They don’t. When you look at a colour photograph, there are multiple things going on. Any particular surface has a colour hue or tone, this is what you think of as colours. Blue, red, yellow etc.
Those surfaces also have a luminosity or brightness. Some areas are light, others are dark and degrees in between those two. And of course, surfaces have other qualities like translucency and reflectivity.
A black and white photo captures most of those qualities so you have almost all of the information you need.
The only thing that’s missing is the colour itself. So what a colourist does is leave all of that luminosity information in place, that’s already present in the black and white photo. You just have to select colours and paint over surfaces while telling your software to keep the luminosity in place but add the colour hue.
So if you’re wearing jeans in a black and white picture, I can guess that they’re blue. So I paint a suitably blue colour over the top of those jeans while retaining the light and dark areas of the black and white image.
I could be wrong though, you could have been wearing red jeans instead of blue. For historical accuracy, a colorist should have some knowledge about his subject. But most of the time, the people who see the image are also missing that knowledge and won’t notice any mistakes.
We actually once requested a colorization of an old B&W photo.
For things with well known or obvious color, they just choose whatever but they actually had to ask us what color was grandma’s dress as there was no possible way to determine that from a BandW photo alone. At best they could know the “luminosity” of an object, not the hue.
There’s an article here about bringing back colour in videos: [https://www.bbc.co.uk/pressoffice/pressreleases/stories/2008/12_december/09/dadsarmy.shtml](https://www.bbc.co.uk/pressoffice/pressreleases/stories/2008/12_december/09/dadsarmy.shtml)
“James Insell, Preservation Specialist for the BBC Archive, found that many recordings had been created without the colour sub-carrier having been filtered out, and that the colour information was still embedded in the film as a pattern of fine dots – or “chroma dots”. ”

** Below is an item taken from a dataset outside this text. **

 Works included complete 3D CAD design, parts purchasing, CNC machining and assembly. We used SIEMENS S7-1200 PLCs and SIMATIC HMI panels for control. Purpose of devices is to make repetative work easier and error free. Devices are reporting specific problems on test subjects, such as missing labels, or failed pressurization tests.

Basically some black and white film still has some colour information encoded. With images however it’s largely done with A.I. with some human help.
The artists that add colour often get it wrong. We do look back to the past and, as all we have seen is black and white photographs and faded paintings, we assume without thinking that the colours would have been muted. And so the colourists choose from a limited pallet, favouring browns and other muted, unsaturated colours.
This is incorrect. The past was a brilliant, colourful place. Early photographers experimented with colour photography, taking multiple pictures through different filters, and they captured brilliant colours. And the coloured objects that survive without fading, like ceramics and glass, are brilliantly coloured. So when recolouring a photograph, we should choose bright, exciting colours. And similarly, when you see a recoloured photograph, know that the colours you are seeing are almost certainly wrong.